**What the task asks**
All that belongs in the answer is the lines from the one containing "New Muscletech Whey" to the end of the listing below, copied exactly, pictures excluded.

**Data below**
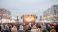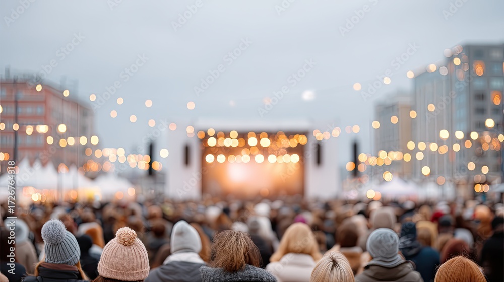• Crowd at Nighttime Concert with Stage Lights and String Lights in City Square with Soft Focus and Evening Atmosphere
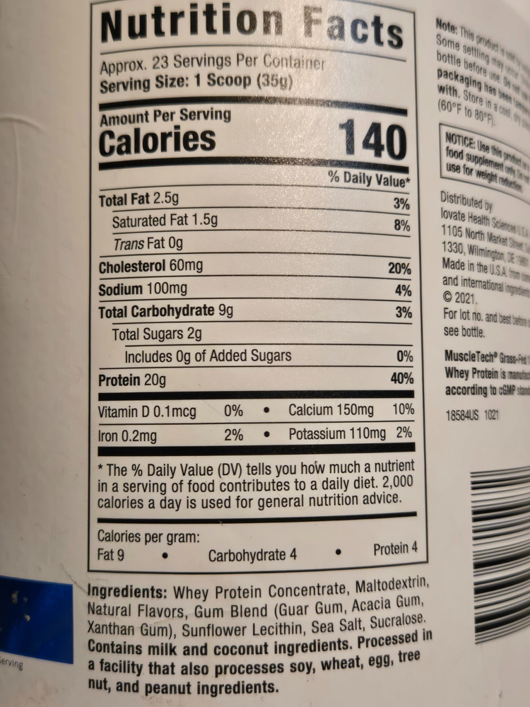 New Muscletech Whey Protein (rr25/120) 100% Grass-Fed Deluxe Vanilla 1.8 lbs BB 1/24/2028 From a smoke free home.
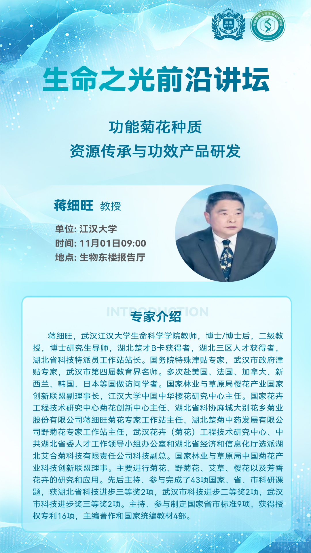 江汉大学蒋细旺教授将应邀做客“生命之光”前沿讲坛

**Answer section**
 New Muscletech Whey Protein (rr25/120) 100% Grass-Fed Deluxe Vanilla 1.8 lbs BB 1/24/2028 From a smoke free home.
 江汉大学蒋细旺教授将应邀做客“生命之光”前沿讲坛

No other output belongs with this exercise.